Thinking life will be better in the future is stupid. I have to live now.

Being not TRUTHFUL works against me.

HELPING other people helps me.

Actually doing the things I set out to do increases my overall level of SATISFACTION.

Organizing a charity group is surprisingly easy. (The hard thing is to educate people that are mostly narcissist...)

EVERYTHING I do always comes back to me. (Yeah. Especially when it involves HUGE DEBT.)

Drugs feel great in the beginning and became a drag later on. (That's why I'm getting fat day by day. Food is a drug.)

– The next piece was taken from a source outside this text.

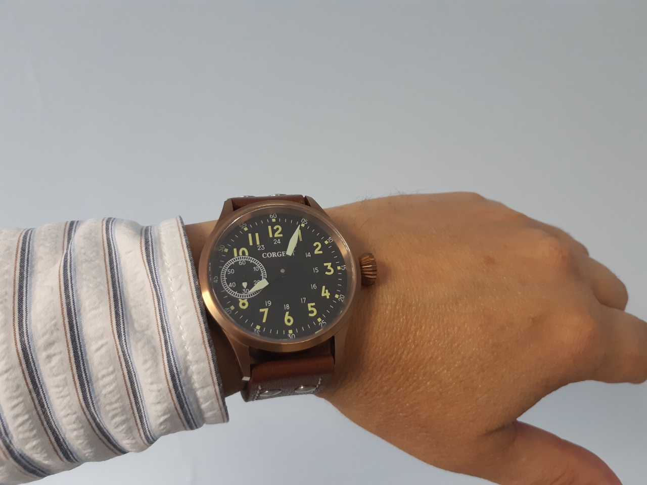 Вчера пришли очередные часы из Китая. Волею случая, это опять Corgeut. Пилоты в стальном корпусе с бронзовым покрытием (как утверждают продавцы). Давно хотел попробовать именно бронзу, хотя и наслышан о недостатках этого материала. В общем, поживем – увидим. А пока могу сказать, что еще ни разу у меня не было к часам такой «любви с первого взгляда». Видимо, не те часы покупал.

Over time I get used to everything and start TAKING IT FOR GRANTED. (My family that is. Most of them. Especially my hardworking father.)

MONEY DOES NOT MAKE ME HAPPY. (Big lesson from last years predicament.)

Traveling alone is helpful for a new perspective of life. (Yes. I do agree with you Azharan... most of the parts.)

Assuming is STIFLING. (Sorry to those whom it may concern. Most of the time I'm NOBODY's business.)

Keeping a DIARY (Blog, Facebook, Twitter) supports my personal development.

Trying to look good limits my life. (That's maybe why I look terrible all my life. Wahahahaha)

Worrying solves nothing. (Sleeping does though... Heh.)

Material luxuries are best enjoyed in small doses. (Overdose and it became a goddamn burden -_-)

Having guts always works out for me. (Duh.)

Everybody thinks they ARE RIGHT. (And it is very HARD to proves them wrong, with all the stupid reason they make up. Especially one who is blinded by "religious" statement and becomes a zealot...)

Low expectations are a good strategy.

Whatever I want to explore professionally, its best to try it out for myself first.

Everybody who is honest is INTERESTING. (That's why I'm attracted to you. Don't know whether you're the same as you are before.)

p/s: Hate living in a lie. Hate people doing it. And I hate it the most if somehow I've become involved in it.